20 pulverizing punk essentials from the 1970s
By Jonathan Eig
“Sheena is a Punk Rocker” by Ramones (1977)
Meanwhile, on the left side of the Atlantic, punk bands were playing the same handful of chords but with a different effect. The Ramones had released their first album a year earlier so by the time of Rocket to Russia, the band’s third studio release, Joey, Johnny, Dee Dee and Tommy were a more polished product than the Sex Pistols.
Within the punk universe, they served up a slightly wider range of songs. Most importantly, despite the punk image, they were as goofy as they were scary. Many of their best songs celebrated the chosen lifestyle of punks who were not necessarily for a violent overthrow of the establishment but for something different and more exciting than what mainstream music and culture was offering. Which is precisely why “Sheena is a punk rocker … now.”
“Blank Generation” by Richard Hell and the Voidoids (1977)

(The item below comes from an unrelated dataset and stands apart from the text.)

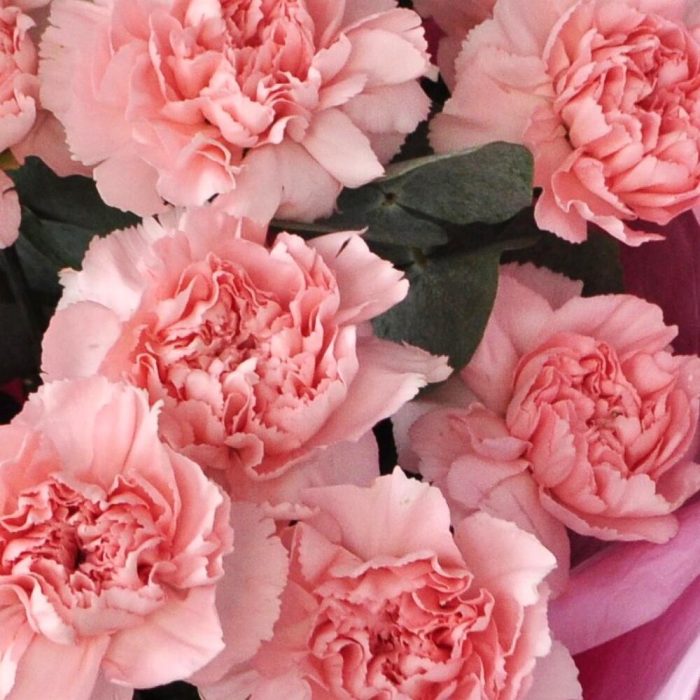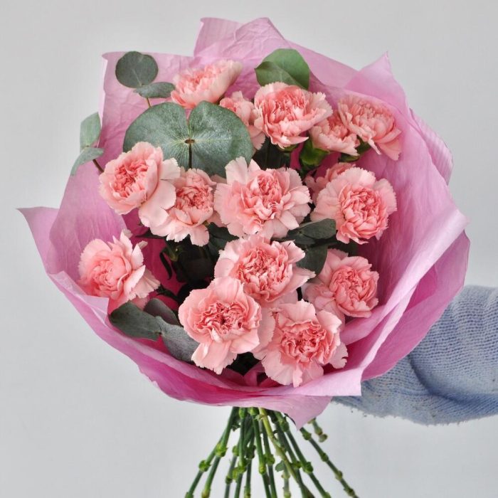 Гвоздика сортовая розовая – 15 шт.Эвкалипт – 3 шт.Упаковка дизайнерская – 1 шт.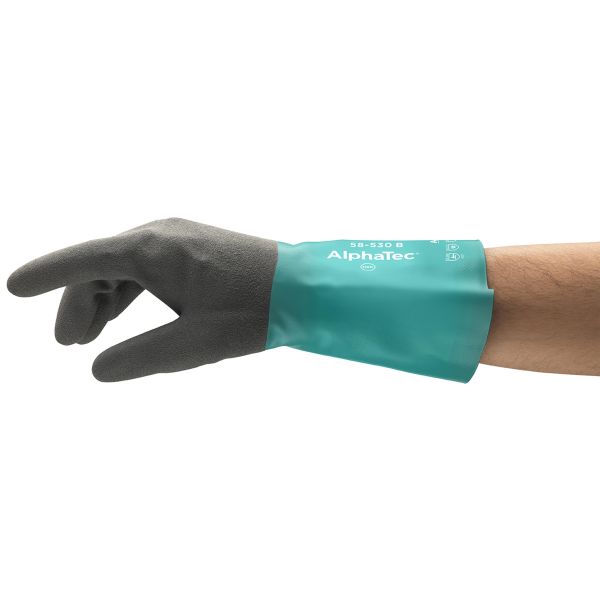 Ansell AlphaTec 58-535 W on nitriilikumista valmistettu koon 10 käsine. Ansell Grip Technology™ -teknologian avulla käyttäjät saavat paremman otteen ja hallinnan käsitellessään märkiä tai öljyisiä esineitä. Käsineen pituus on 356 mm, ja ehjä nitriilikuori suojaa hyvin emäksiltä, öljyiltä, polttoaineilta, tietyiltä liuottimilta ja rasvoilta. AlphaTec 58-530 W -käsineen luotettava kemikaalisuojaus parantaa käyttäjien turvallisuutta. Ansellin patentoitu Grip Technology™ estää polymeeripinnoitetta tunkeutumasta vuorin läpi valmistuksen aikana. Pinnoite on siten ehjä ja turvallinen sekä vähentää merkittävästi iholle pääsevän kemiallisen vuodon todennäköisyyttä. Suositellaan metallin työstöön ja kokoonpanoon, nesteiden ja kiinteiden aineiden siirtoon tai sulatusuunien, tyhjennyspumppujen, venttiilien, putkistojen tai krakkauslaitteiden avaamiseen.

Richard Hell tried playing in collaborative efforts. He was with Tom Verlaine in the Television and then with Johnny Thunders in the Heartbreakers. Nothing lasted. So he took his bass and joined up with a couple of guitarists and a drummer (who would soon replace Tommy Ramone in the Ramones), and released a couple of albums as Richard Hell and the Voidoids. That band didn’t last very long either, but they did produce two cutting-edge punk albums. “Blank Generation,” a reworking of Rod McKuen’s “The Beat Generation,” established a new anthem for the punks of the late ‘70s.
“Orgasm Addict” by the Buzzcocks (1977)
What it must have been like in Manchester in the mid-‘70s. The Buzzcocks and Joy Division and the Fall. The first gig ever played by the Sex Pistols. Pete Shelley and Howard Devoto, who founded the Buzzcocks, were at the center of it all.
Though their first studio album wouldn’t be released for another year, “Orgasm Addict” kicked off a run of singles that laid the foundation of what would one day be called pop punk. More attention to tight melodies and a bit more musical variety, but with the same irreverent and in-your-face lyrical attack. Devoto would soon leave and form a band that we may be hearing from a bit later.